My uncle can't walk straight. I think it's because he's gay.
Roses are red, violets are blue. Your dad is gay, so are you.
Place a man in a morgue, he'll try to leave.
Place a doctor in a morgue, he'll go to work.
Place a necrophiliac in a morgue, he'll stay happy for a week.
A guy finds a genie.
He says, "I wish I was better at talking to women."
"Poof!" the genie says, "You're gay!"
Why do heterosexual men like to receive an anonymous blowjob at an adult bookstore? Because they don't want gay men and bisexual men in the LGBT community to find out that they also like getting their cocks sucked by men, but they don't want gay and bisexual men in the LGBT community to find out.
My nickname should be night light... because kids turn me on...
I'm so gay I could barely think straight.
What do lesbians and turtles have in common? They both choke on plastic.
Jack and Jill went up the hill so Jack could lick Jill's candy. Jack got a shock and a mouth full of cock because Jill's real name is Randy.
How do you find out if your kid is gay?
Lock him in a closet and if he comes out, he's gay. If not, he's dead straight.
Why do they call me a firefighter? Because I find them hot, and I leave them wet!
The gayest person on Earth is Pac-Man.
You can pay him 50 cents to eat 200 balls.
A priest and a nun are traveling across the desert on a camel, and when all of a sudden the camel dies. They’re in the middle of the desert with no hope of rescue when that night the priest thinks to himself that he can’t die a virgin. He looks over at the nun and pulls out his penis. The nun says, "Father, what is that?" He says, "This, sister, is the wand of life." The nun says, "Good, now go stick it in that camel's ass and let’s get the hell out of here!"

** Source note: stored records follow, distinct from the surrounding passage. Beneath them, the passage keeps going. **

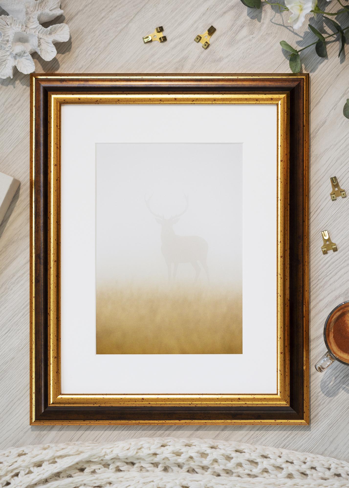 Šis 29,7x42 cm dydžio fotorėmelis yra tobula klasikinės elegancijos ir šiuolaikinio funkcionalumo dermė. Šilta aukso spalvos apdaila suteikia motyvui prabangų įrėminimą, kuris tikrai patraukia akį. 45 mm pločio Rėmas su švelniai nuožulniomis linijomis sukuria gylį, kuris leidžia paveikslui išsiskirti ant sienos.
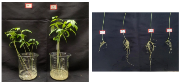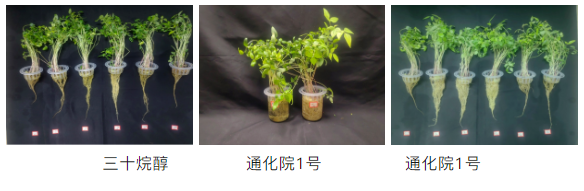 使用不同浓度的通化院1号和三十烷醇进行水培试验,通化院1号的生根效果均优于三十烷醇,0.6ppm的通化院1号生根效果最好。 促进插条生根(用量以原药计)
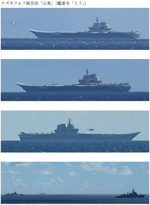 香港新聞網7月10日電 日本防衛省統合幕僚監部(聯合參謀部)昨日(9日)發佈一則“中國海軍艦艇動向”通報,通報中稱,當地時間7月9日上午7時(北京時間早6時)許,日本海上自衛隊在宮古島東南方約520千米處的太平洋海域,確認到了由山東號航空母艦、1艘055型導彈驅逐艦(106延安艦)、1艘052D型導彈驅逐艦(164桂林艦)和1艘054A型導彈護衛艦(571運城艦)共計4艘艦艇所組成的中國海軍艦艇編隊。 此外,通報還提到,當天確認到了山東艦上有艦載戰鬥機和艦載直升機的起降活動。

If a heterosexual man gets anonymous oral sex from another heterosexual man at a glory hole, it's called a "brojob", but if a homophobic heterosexual man gets anonymous oral sex from a gay man at a glory hole, it's still called a "brojob". Does it cycle now?
For boys, life is a lot like a penis: simple, soft, straight, relaxed, and hanging freely......... then a woman makes it really hard.😩😉😏
Q: Why can't orphans be gay?
A: They have nobody to call daddy.
Isn't it strange that the LGBTQ flag only has straight lines?
What does a blondie and a shotgun have in common?
Give them a cock and they're ready to blow.
I like my men how I like my coffee...
WITHOUT A FUCKING VAGINA!
What's the difference between a gay guy and a microwave?
The microwave doesn't brown the meat.